Why not Mrs Thompson?Chairs were arranged in a circle, lights so that they could conveniently be raised and lowered.

Dermot noticed that there was no question of tests, or of Sir Alington satisfying himself as to the conditions of the seance.

No, this business of Mrs Thompson was only a blind.

Sir Alington was here for quite another purpose.

Claire's mother, Dermot remembered, had died abroad.

There had been some mystery about her...

Hereditary...With a jerk he forced his mind back to the surroundings of the moment.

Everyone took their places, and the lights were turned out, all but a small red-shaded one on a far table.

For a while nothing was heard but the low, even breathing of the medium.

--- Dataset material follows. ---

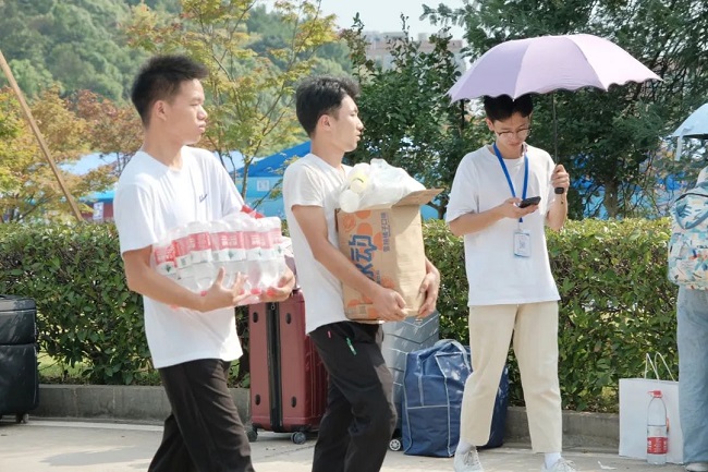 举目望去,负责报到的老师、学长学姐和志愿者们热情亲切地向新生们介绍报到流程。“报到的流程很顺利,志愿者和工作人员们非常热心,我很快就办完了全部手续。”来自株洲的徐同学和家长手拿学院精心准备的新生资料袋和校园卡,心情激动地对小编分享他的感受,这样的温馨与高效让他倍感欣慰。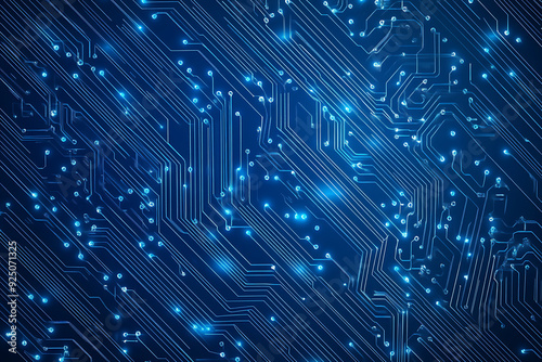 Futuristic vector illustration of a blue circuit board with intricate digital tech elements, perfect for advanced technology backgrounds.

Gradually it grew more and more stertorous.

Then, with a suddenness that made Dermot jump, a loud rap came from the far end of the room.

It was repeated from the other side.

Then a perfect crescendo of raps was heard.

They died away, and a sudden high peal of mocking laughter rang through the room.

Then silence, broken by a voice utterly unlike that of Mrs Thompson, a high-pitched, quaintly inflected voice."I am here, gentlemen," it said. "Yess, I am here.

You wish ask me things?"

"Who are you?

Shiromako?"

"Yess.

I Shiromako.

I pass over long ago.

I work.

I very happy."

Further details of Shiromako's life followed.